Марья кивнула. Сказать что-то прямо сейчас казалось непосильным трудом. Но, по крайней мере, Звонок хотя бы знала этого человека, по крайней мере, он был всего лишь верховным правителем домовых и, возможно, кем-то еще, а не офицером, который пришел, чтобы увести ее в небытие.

– С матерями-то хотя бы попрощаешься?

Марья потрясла головой. Что им сказать? Как она все это объяснит? Она даже себе ничего не может объяснить. Мама, я всю свою жизнь ждала, что со мной что-то случится, и теперь, когда это случилось, я ухожу, даже несмотря на то, что все это как-то неправильно, а я так хотела, чтобы у меня все вышло лучше, чем у сестер .

– Какую ужасную девочку я воспитала! Хотя, если не спрашиваешь разрешения, то и отказать тебе не могут. Это рассуждая по-нашему. – Домовая поманила Марью наклониться, чтобы они могли говорить лицом к лицу, как равные. – Но если не твоя мать, кто еще тебе скажет, что делать в первую брачную ночь? Кто сплетет тебе венок невесты?

Откуда-то из глубины своего тела Марья Моревна вытащила ответ.

– Я не собираюсь выходить замуж, – прошептала она.

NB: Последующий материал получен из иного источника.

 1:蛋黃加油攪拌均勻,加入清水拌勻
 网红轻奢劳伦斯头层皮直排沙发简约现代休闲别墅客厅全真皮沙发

– Ну уж нет, девочка , легко сказать, да не так просто сделать – удержать дом, когда волк придет бить хвостом по траве. Послушай, Маша, послушай старый Звоночек, который тебя знает. Домовые, бывало, женились, – и так, и сяк, и этак, совсем как мальчики и девочки. Уколи палец иглой, пролей кровь на свой порог – будет не так больно и приснятся дочки. Мужчины же не чувствуют ничего такого, что приходится нам переносить. Ты должна освободить в себе место для него, это как в доме, только в теле. Но смотри, чтобы остались комнаты для себя, и запри их покрепче. И если не хочешь забрюхатеть… хотя, – Звонок сморщила приплюснутый нос, – я не думаю, что у тебя будет такая же забота, как у нас у всех. Бессмертный не может играть в наши маленькие генеалогические игры. Просто запомни, что единственный вопрос в доме – кто будет водить? Остальное – только пляски вокруг главного, которому старательно не смотришь в глаза.

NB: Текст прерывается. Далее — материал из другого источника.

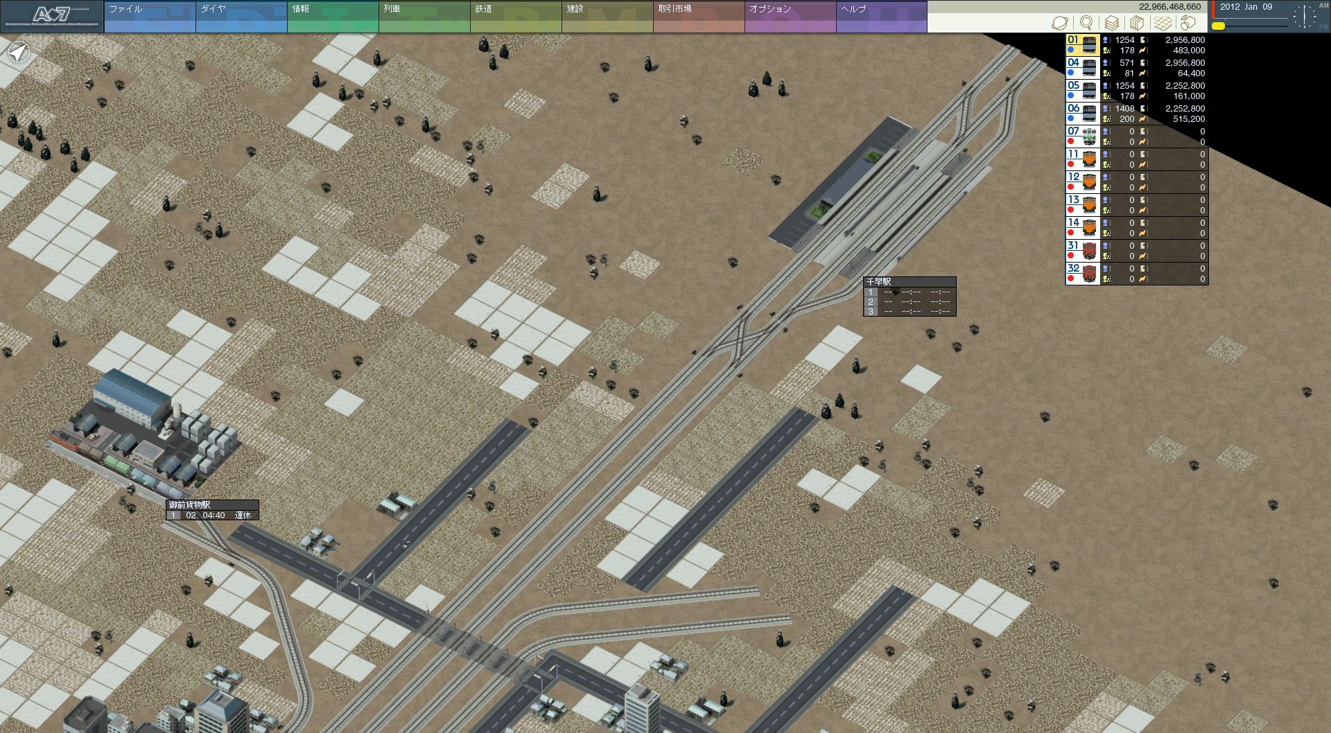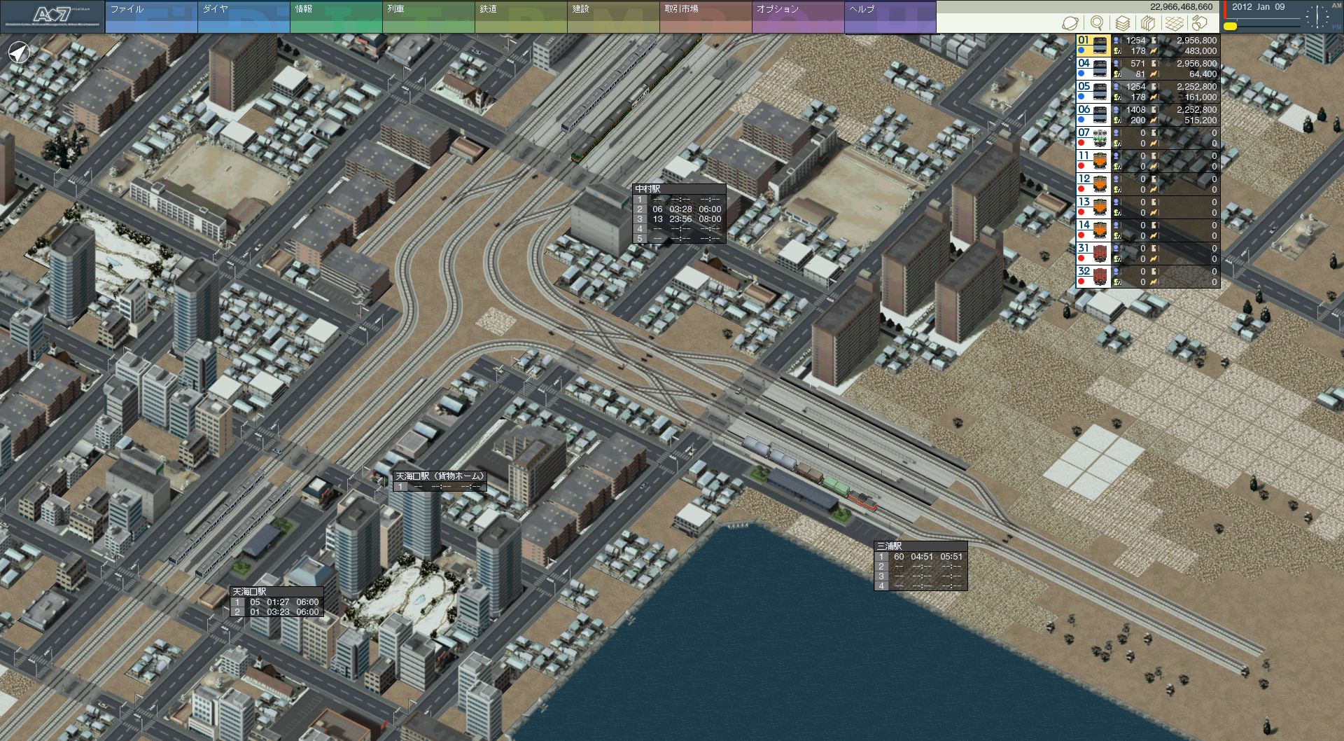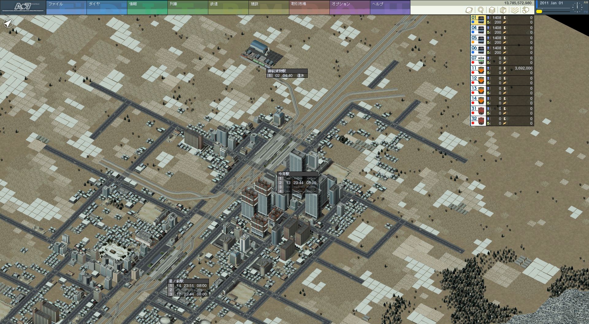 構想では上記以外にもあと3路線あり、また○が◎になったり△が増えたりする こともあるので、その辺は今後の発展次第。ただ、発展させるには先立つものが・・・ 貯めるために寝かせプレイするか、それとも小さく貯めてさっさと使うか、うーむ。
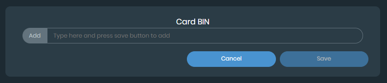 You can add new BINs in the Card BIN tab, as needed. BINs must be six to eight characters long.
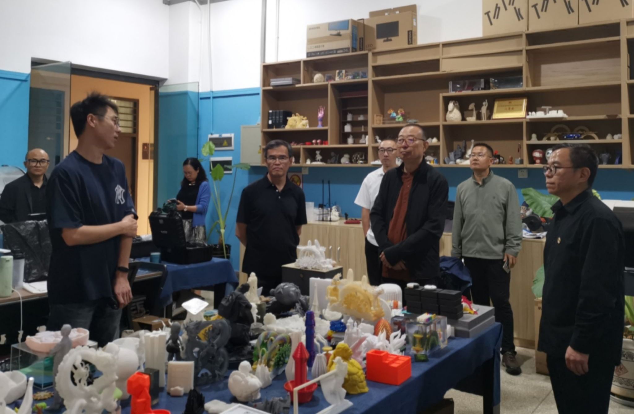 随后,调研组深入设计学院、美术学院,重点考察扎染、玉雕、金属工艺、版画等传统工艺实训室,同步调研数字媒体艺术等新兴实验室。潘鲁生高度评价bw必威西汉姆联官方网站将传统工艺融入现代设计教育的人才培养模式,指出实训平台既是应用型艺术人才的孵化器,更是坚定文化自信的实践课堂。
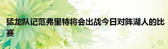 據猛龍隊隨隊記者報道,范弗里特將會出戰這場比賽。
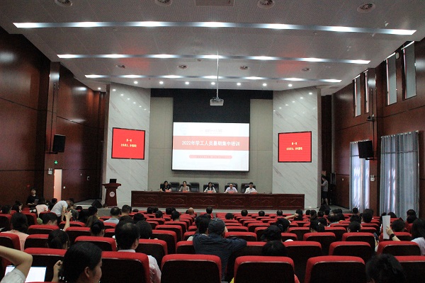 为了进一步加强新形势下大学生思想政治教育工作,全面贯彻落实学校办学新理念,切实加强辅导员队伍建设,提高辅导员工作能力和三全育人水平,促进辅导员职业化、专业化发展,我校于7月8日-10日举办了2022年暑期学生工作人员培训,校党委书记罗成翼、校党委委员、副校长蒋蓉出席并作了主题报告,党委学生工作部、保卫处、校团委负责人以及各二级学院党委书记、主持工作的党委副书记、分管学生工作的党委副书记、学工办主任、分团委书记、专职辅导员、专职组织员、班主任、相关工作人员参加了培训。
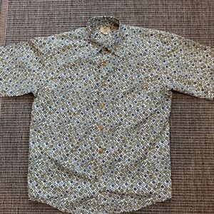 This casual button-down shirt features a vibrant floral pattern in blue and white, perfect for a relaxed and stylish look. Its short sleeves and classic collar make it ideal for everyday wear, combining comfort with a touch of elegance.
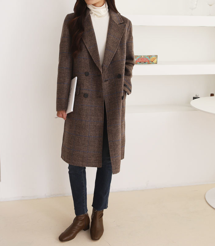 울90 체크 핸드메이드 여성 롱 코트
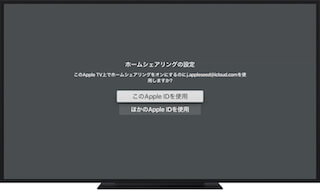 Apple TV 4KまたはApple TV(第4世代)では「設定」>「アカウント」>「ホームシェアリング」で表示されているApple IDです。
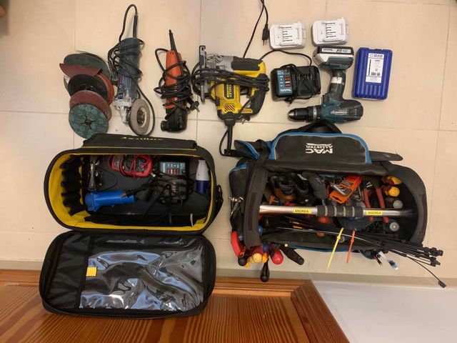 Detalles del productoLote de herramientas variadas y maletines de transporte. precio no negociable (es mucha herramienta perfecta para empezar un trabajo autonomo). vendo para jubilacion.
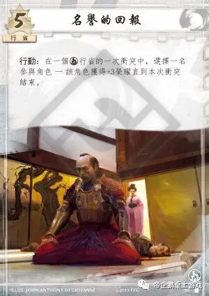 行动:在一个火行省的一次冲突中,选择一名参与角色 — 该角色获得+3荣耀直到本次冲突结束。

Звонок потрепала Марью Моревну по щеке своей маленькой ручкой:

– Ах! Сердце мое! Я предупреждала, когда ты читала Пушкина! Я бы выбрала тебе другого мужа, правда, если бы выбор был за мной. Я бы ожидала лучшей доли для моей Маши, чем ее грудь у него во рту, и он будто младенец высасывает ее милый голос, ее милые причуды, понемногу, пока она не пересохнет и не загремит, как погремушка. Но я-то знаю, что он тебе уже нравится. Даже несмотря на то, что мы показали свои зубки и дали понять, что думаем о его распутных намерениях. Это не твоя вина. Он оборачивается приятным, чтобы нравиться девушкам. Но если уж тебе так хочется быть умной, будь ей . Будь храброй. Будь готова ко всему и стреляй без промаха.

Товарищ Звонок пожала плечами и вздохнула, со свистом втягивая воздух.

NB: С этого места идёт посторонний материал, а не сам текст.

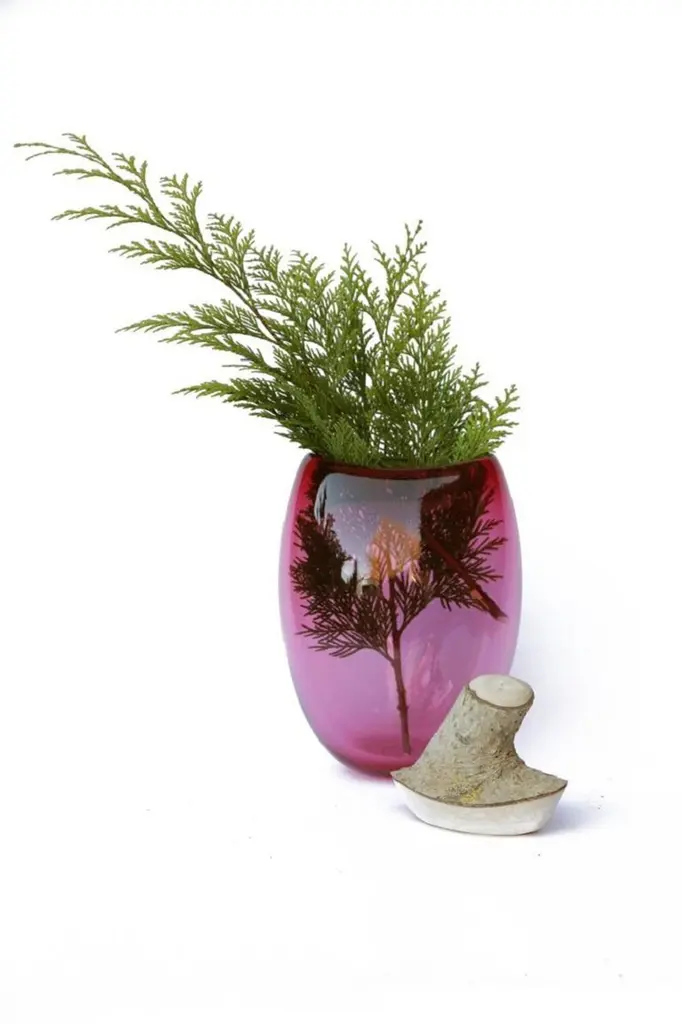 Tall hot pink branch bowl, Pia WüstenbergDimensions: D 16-18 x H 20Materials: glass, woodAvailable in other colors.A playful jar, with a lid made from a branch stub following the curvature of the glass. Branch Bowls are blown without a mould: their outer rim is originally the inside of the glass bubble, thus their round and soft edges, characteristic of this artistic process.Handmade in Europe: freehand blown glass (England), wood (Finland).The materials then come to our warehouse in North Germany where they are fitted and assembled.Pia Wüstenberg, UtopiaPia Wüstenberg is a creative with a passion for materials and craft. She graduated from the Royal College of Arts Design Products course in 2011 and was running her own freelance studio in East London till summer 2017. After this her studio relocated to rural North Germany, allowing better access to the European crafts and more time to dream. Pia is a freelance designer at Utopia and utility and owner of the brand (which involves everything from heavy lifting to drawing up new ideas).

– Но это я от жадности! Мне надо научиться расставаться с лучшим, что есть в моем доме.

Существо вскочило на ноги и крепко поцеловало Марью в кончик носа. Шаркающими кривыми ногами домовая исполнила несколько па и постучала пальцем по собственному носу.

– Кому водить, – прошипела Звонок и исчезла.

Марья моргнула. Слезы катились из ее глаз как твердые бусинки. Ее ноги, вопреки голове, стремились выпрямиться и повести ее к двери, к товарищу Бессмертному, который все еще стоял на колене на холоде, словно рыцарь. Она никогда не будет водить, знала Марья. Никого и ничего.

* * *

Марья Моревна выбежала на Дзержинскую улицу, которая раньше была Комиссарской, а до этого Гороховой. Ее длинные черные волосы были распущены, щеки горели, дыхание облачком зависало в воздухе. Снег хрустел под ботинками. Товарищ Бессмертный улыбнулся ей, не разжимая губ. Птицы не причинили вреда моим сестрам , сказала Марья своему скачущему галопом сердцу. Он – не птица , ответило сердце. Ты была неосторожна, ты всего не видела?

Он придерживал открытую дверцу длинной черной машины – гладкой, с изящными обводами, такие Марья видела только пролетающими мимо, всегда под ропот соседей, не одобряющих порочных нэпманов. Машина рычала и чихала, мрачно помаргивая красными глазка́ми выхлопных труб. Марья с облегчением нырнула в машину, радостная от того, что она сделала – наконец оказалась внутри волшебства, вместо того чтобы смотреть на него из окна. Теперь не надо ждать, когда что-то черное приедет за ней, – оно уже здесь, и очень неплохо выглядит, и желает ее. После того как дверца захлопнется, она уже не сможет передумать – а! вот и захлопнулась, теперь ничего не воротишь . Она содрогнулась на заднем сиденье. В машине было холодно, как в лесу, а она забыла свою теплую меховую шапку.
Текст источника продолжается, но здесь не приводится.